还未进城,熙熙攘攘的人声便穿透城墙而来。
离亥望着高高的墙门, 目光落到马前较高挑的身影, 这个人和她想得有些不一样。
进了城她就没有理由跟着二人。
可她还没有找到这人的弱点。
此时是申时, 城中的贩夫走卒渐渐准备收摊回家, 城门人来人往, 温梧宁和蓝飞儿逆着人流进城。
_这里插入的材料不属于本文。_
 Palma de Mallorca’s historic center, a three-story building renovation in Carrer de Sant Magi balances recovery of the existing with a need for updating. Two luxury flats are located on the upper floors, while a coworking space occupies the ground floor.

人流汹涌,他们身上洋溢的归家的幸福和满足让蓝飞儿有些恍然,她仿佛回到读书时代放学时学校门口。
周围穿着一色校服的同学结伴而行说说笑笑。
她背着书包,茫然地站在人潮中。
她们要回家, 而她却不知道该去哪。
只是一晃神蓝飞儿便被人流淹没, 而身旁一人一马已经消失在攒动的人头中。
蓝飞儿心底一慌,拨开人群快步向前,四周响起的惊呼她听若不闻, 眼中只有前面讶然回首的人。
抓到她了。
一时间蓝飞儿胸中仿佛有什么在翻滚。
眼前这人正在替她向四周抱怨的人致歉。
“师姐……”
“什么?”四周太嘈杂, 温梧宁侧耳过来却发现蓝飞儿脸色不对劲,不由追问:“怎么了?”
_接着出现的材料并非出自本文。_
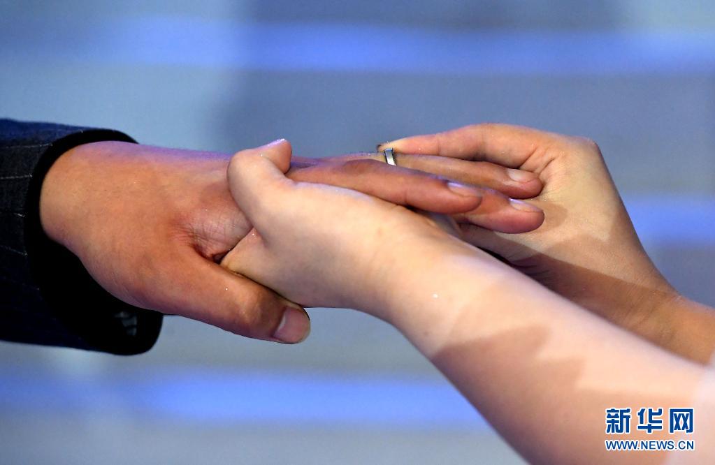 5月20日,乔冰在婚礼上为刘光耀戴上婚戒。新华社记者 李安 摄

蓝飞儿盯着近在咫尺的脸,目光如刀用力刻过脸上每一寸肌肤,最后落在她精致冷然的眉眼,得出一个结论。
其实除了好看这人也没有什么特别之处,不过就是个再普通不过的女主人设, 本质是个古板无趣的女人,偶尔的心软更是让人气愤,蓝飞儿缓缓松开手。
却在手中的温度即将消失时,她骤然收紧手。
眼眶发胀, 似乎有东西要涌出来。
“师妹?”她们此时正堵在城门中,温梧宁低头道:“我们先进去。”
高头大马上的离亥视线落在蓝飞儿身上,眼中划过一丝耐人寻味的笑意,方才蓝飞儿的话温梧宁没听到,但是她听到了,在她的地牢里一切都逃不过她的眼睛和耳朵。
真是个小妖孽。
抬头望向渐渐出现在城门上的青天,她微微一笑,挺有意思的,再多留片刻也无妨。
虽然她已经知道该怎么对付温梧宁了。
入城后温梧宁四下看了看,正欲寻个人少的静处歇歇,人群忽然骚动起来。
“哎呦!这老天爷啊,怎么忽地就下起了雨……”
“今日出门没带蓑衣,这下可要淋成落汤鸡了……”
“我家中的衣服还没收呀……”
街上的人慌忙收摊挑着担子赶回家,豆大的雨滴落在地上,溅起尘土,浸染出一地黑花。
不一会街上就没几个人,温梧宁抬头望天乌云遮顶,明明方才还是万里无云。
回头看马背上的女童被雨水打得瑟瑟发抖,本来准备进城便将她放下,这会下了雨眼见天也要黑了,只好暂且带着她,等明日天晴再说。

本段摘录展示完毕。